## Stored dataset items
BEGIN

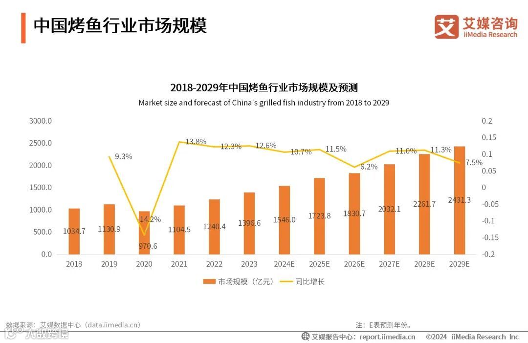 市场规模:烤鱼行业步入稳定增长期,2029年中国烤鱼行业市场规模有望达2431.3亿元
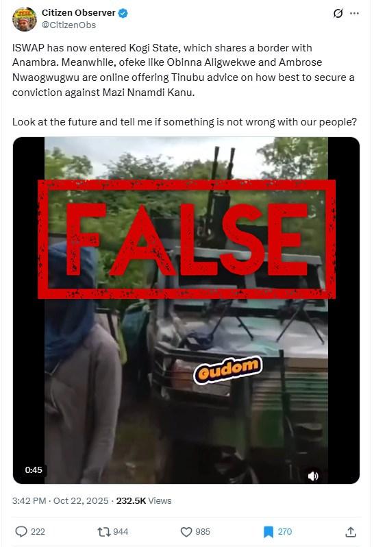 “ISWAP has now entered Kogi State, which shares a border with Anambra,” reads a part of an X post published with a video on October 22, 2025.
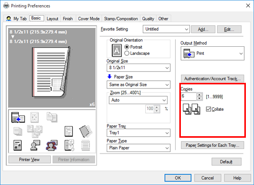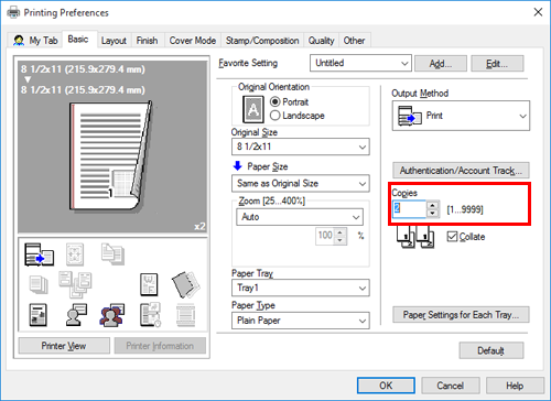 En [Copias] de la pestaña [Básico], especifique el número de copias que desea imprimir.
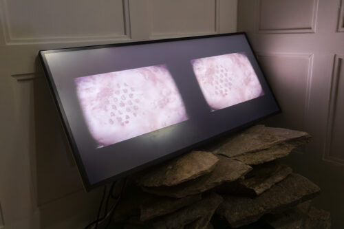 A sentence from Jenny Holzer’s Truisms (1978) was lithographed on Solnhofen limestone on a micrometre scale. Photolithography, a key technology in microchip production, can be traced back to the German artist Alois Senefelder, who experimented with the same stone almost 200 years ago. To make the engraving visible, images were taken with an electron microscope.
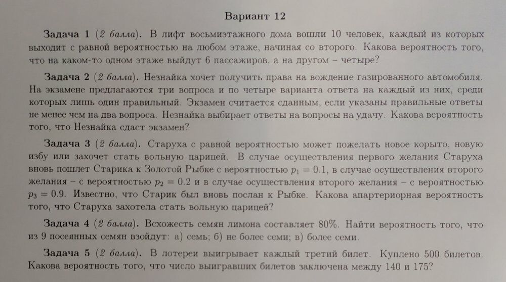 Для студентов МГТУ им. Н.Э.Баумана по предмету Теория вероятностей и математическая статистика (ТВиМС)Дз1Дз1
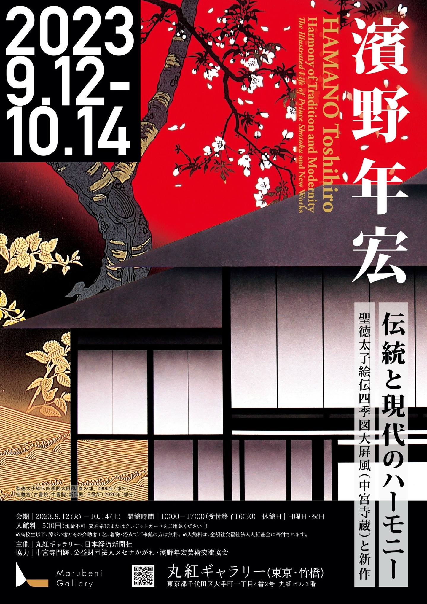 『濱野年宏 伝統と現代のハーモニー 聖徳太子絵伝四季図大屛風(中宮寺蔵)と新作』

END

## What the task asks
What is needed here is an exact copy of every record, with the pictures left out.

## Answer area
 市场规模:烤鱼行业步入稳定增长期,2029年中国烤鱼行业市场规模有望达2431.3亿元
 “ISWAP has now entered Kogi State, which shares a border with Anambra,” reads a part of an X post published with a video on October 22, 2025.
 En [Copias] de la pestaña [Básico], especifique el número de copias que desea imprimir.
 A sentence from Jenny Holzer’s Truisms (1978) was lithographed on Solnhofen limestone on a micrometre scale. Photolithography, a key technology in microchip production, can be traced back to the German artist Alois Senefelder, who experimented with the same stone almost 200 years ago. To make the engraving visible, images were taken with an electron microscope.
 Для студентов МГТУ им. Н.Э.Баумана по предмету Теория вероятностей и математическая статистика (ТВиМС)Дз1Дз1
 『濱野年宏 伝統と現代のハーモニー 聖徳太子絵伝四季図大屛風(中宮寺蔵)と新作』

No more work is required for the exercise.